Before and after pics attached of the sharpening. Works like a charm, 1/2 to 3/4 turn of the knob and I can micro-bevel as well. Rolls solid, no wobbling, etc. Pretty freaking sweet tool for $5 of hardware and scrap wood...ok the skateboard was $5, so $10 total :sarcastic:.

I'll shoot some pics with the Nikon later, it's dinner time right now.

New pics are in the first post.


----------



## Chris Curl (Feb 13, 2012)

:yawn: :boring: :simple:  :lol: :sarcastic:

seriously though, that is very professional looking!

but ... how about chisels?


----------



## BRAVOGOLFTANGO (Oct 11, 2012)

Chris Curl said:


> :yawn: :boring: :simple:  :lol: :sarcastic:
> 
> seriously though, that is very professional looking!
> 
> but ... how about chisels?


Haha, thanks my friend, I have some pansy shorter Stanley chisels, with a through-shank at least, but the handles so fat, anyway I made a prototype little wood piece for the clamp with a groove in it to test, worked fantastic, pics are in my first post. I'll build a nicer clamp/wedge/footing hoodoh for it tomorrow. 
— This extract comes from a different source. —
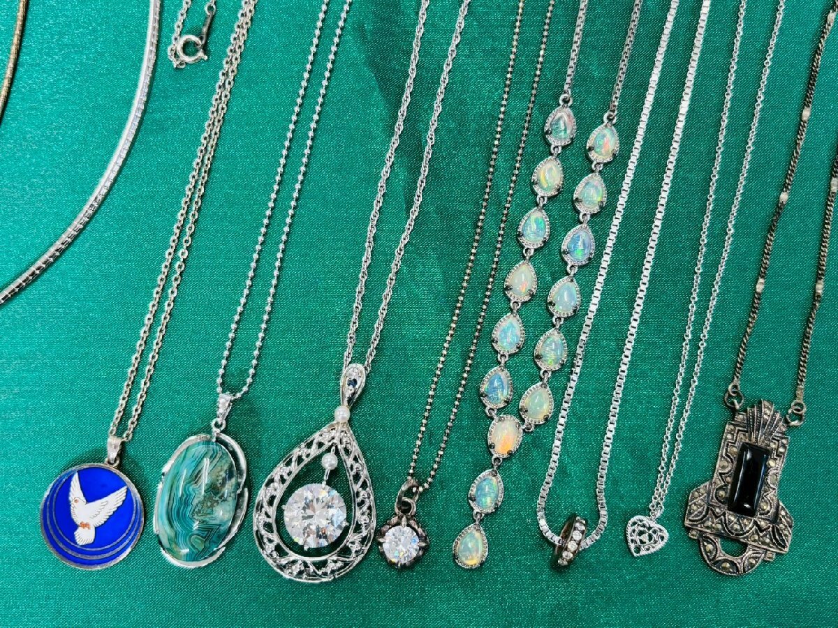 kme04▼アクセサリー 10点おまとめ/ネックレス SILVER カラーストーン ラインストーン▼

I need some of the longer mortise chisels which would be real simple to snug up.

The planer blade was freaking outstanding in the jig and it's 3" wide ID so if I ever get a blade that wide (doubt it) it'll work good.


----------



## Chris Curl (Feb 13, 2012)

cool! that thing looks like a top fuel dragster.

last question: to make sure it is square to the surface, do you just butt it up against the side of one of the clamping risers, or is there another mechanism for that?


----------



## BRAVOGOLFTANGO (Oct 11, 2012)

Chris Curl said:


> cool! that thing looks like a top fuel dragster.
> 
> last question: to make sure it is square to the surface, do you just butt it up against the side of one of the clamping risers, or is there another mechanism for that?


I should rename it Brett's Top Fuel Dragster Honing Guide...

I beat around trying to figure this one out, but found it simple with plane blades by rough centering the blade then measuring from the edge of the main-body (1-1/4" I think) and on both ends that measurement equated to a perfectly squared blade (checked with a square).

For chisels I'm just using a mini-square on the squared sides of the chisels. If I ever had a angled-sided chisel, reckon that would be a little tougher.


----------



## BRAVOGOLFTANGO (Oct 11, 2012)

*Build photos*

Few build photos


----------



## BRAVOGOLFTANGO (Oct 11, 2012)

*BREAKING NEWS: *

This dragster can be used as a touchpad holder, lol, went out in the shop and my wife was chilling at the table with her toy sitting on the dragster, too funny!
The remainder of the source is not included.